- [PROBLEM]:
Your task is to output the listing word for word, with pictures excluded.

- [MATERIAL PROVIDED]:
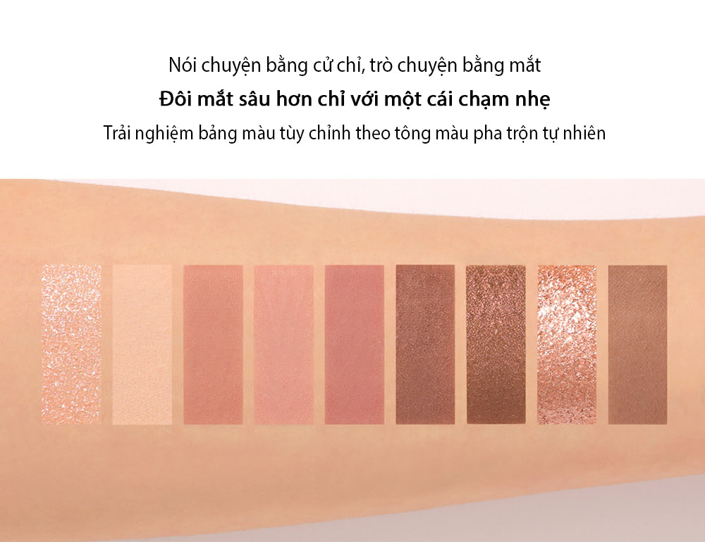 Thuộc bộ sưu tập 3CE CLEAR LAYER WARM AND COOL, bảng màu mắt với 9 ô màu tinh tế.
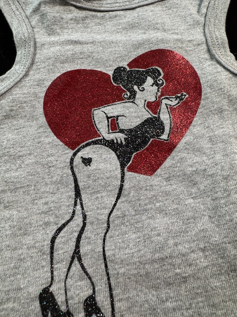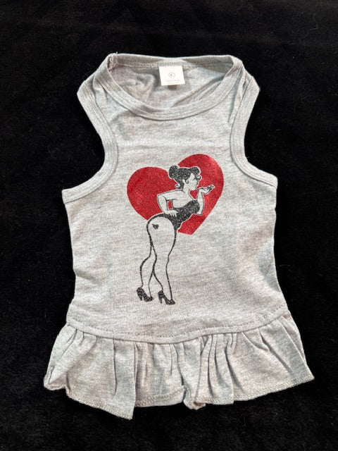 Your pup will turn heads in this adorable vintage-inspired dog dress! Crafted with shimmering glittery heat transfer vinyl, it captures that classic pin-up girl aesthetic in a fun, fashion-forward way. Perfect for small dogs, this size large dress offers a comfortable fit that lets your furry friend strut their stuff. Whether you're heading to a party, photoshoot, or just want to add some sparkle to everyday adventures, this glittery gem is sure to get tail wags and compliments wherever you go.
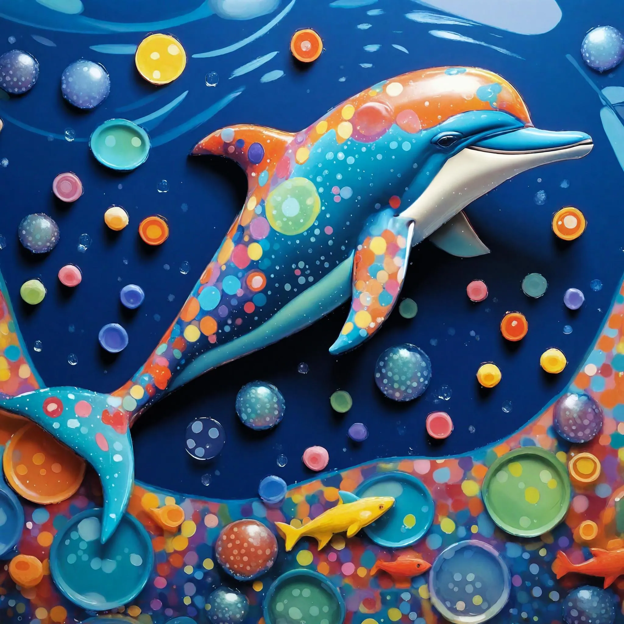 Create a vibrant AI-generated dolphin painting with vivago.ai. Transform text prompts into whimsical scenes featuring polka-dotted dolphins, geometric patterns, and colorful fish in a dynamic underwater world. Perfect for digital artists seeking playful, professional-grade AI image generation tools to bring imaginative aquatic concepts to life.
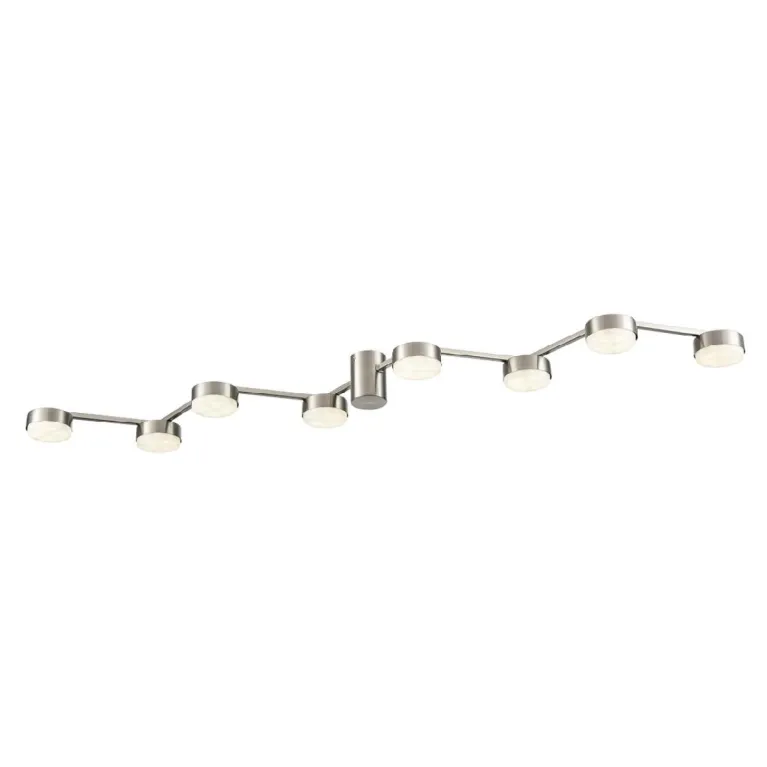 Преобладающий цвет плафонов: Никель, арматуры: Никель; материал изготовления арматуры: Металл, размеры, мм: длина 1210 / ширина 200 / высота 80 Общая мощность – 56 Ватт, а максимальная площадь освещения до 11 м2. Основной тип ламп, предусмотренный производителем: Светодиодная с цоколем GX53. В зависимости от предпочтений можно использовать лампы теплового, холодного или нейтрального света, за исключением люстр с типом цоколя LED.

- [ANSWER TO THE EXERCISE]:
 Thuộc bộ sưu tập 3CE CLEAR LAYER WARM AND COOL, bảng màu mắt với 9 ô màu tinh tế.
 Your pup will turn heads in this adorable vintage-inspired dog dress! Crafted with shimmering glittery heat transfer vinyl, it captures that classic pin-up girl aesthetic in a fun, fashion-forward way. Perfect for small dogs, this size large dress offers a comfortable fit that lets your furry friend strut their stuff. Whether you're heading to a party, photoshoot, or just want to add some sparkle to everyday adventures, this glittery gem is sure to get tail wags and compliments wherever you go.
 Create a vibrant AI-generated dolphin painting with vivago.ai. Transform text prompts into whimsical scenes featuring polka-dotted dolphins, geometric patterns, and colorful fish in a dynamic underwater world. Perfect for digital artists seeking playful, professional-grade AI image generation tools to bring imaginative aquatic concepts to life.
 Преобладающий цвет плафонов: Никель, арматуры: Никель; материал изготовления арматуры: Металл, размеры, мм: длина 1210 / ширина 200 / высота 80 Общая мощность – 56 Ватт, а максимальная площадь освещения до 11 м2. Основной тип ламп, предусмотренный производителем: Светодиодная с цоколем GX53. В зависимости от предпочтений можно использовать лампы теплового, холодного или нейтрального света, за исключением люстр с типом цоколя LED.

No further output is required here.